What to do: Beneath this instruction is a listing; print exactly the lines in it starting at the line that contains "为迎接中共十九大顺利召开,激" and going through the line that contains "This cottage-like estate, designated".

Entries supplied:
=== Begin Enclosure ===

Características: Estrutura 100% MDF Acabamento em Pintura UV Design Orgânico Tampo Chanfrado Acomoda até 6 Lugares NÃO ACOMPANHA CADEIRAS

=== End Enclosure ===
=== Begin Enclosure ===

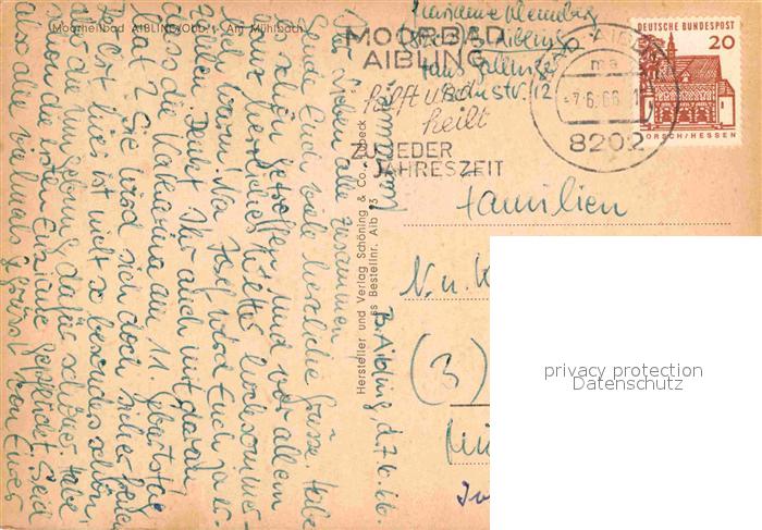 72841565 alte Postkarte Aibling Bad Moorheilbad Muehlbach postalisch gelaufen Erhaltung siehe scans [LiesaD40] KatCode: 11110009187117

=== End Enclosure ===
=== Begin Enclosure ===

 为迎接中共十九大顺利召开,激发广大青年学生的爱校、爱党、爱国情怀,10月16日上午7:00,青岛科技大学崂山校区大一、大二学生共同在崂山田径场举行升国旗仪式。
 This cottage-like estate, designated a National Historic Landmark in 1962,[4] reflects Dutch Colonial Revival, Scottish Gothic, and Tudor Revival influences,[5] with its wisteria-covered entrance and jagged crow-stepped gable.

=== End Enclosure ===

Result for this task:
 为迎接中共十九大顺利召开,激发广大青年学生的爱校、爱党、爱国情怀,10月16日上午7:00,青岛科技大学崂山校区大一、大二学生共同在崂山田径场举行升国旗仪式。
 This cottage-like estate, designated a National Historic Landmark in 1962,[4] reflects Dutch Colonial Revival, Scottish Gothic, and Tudor Revival influences,[5] with its wisteria-covered entrance and jagged crow-stepped gable.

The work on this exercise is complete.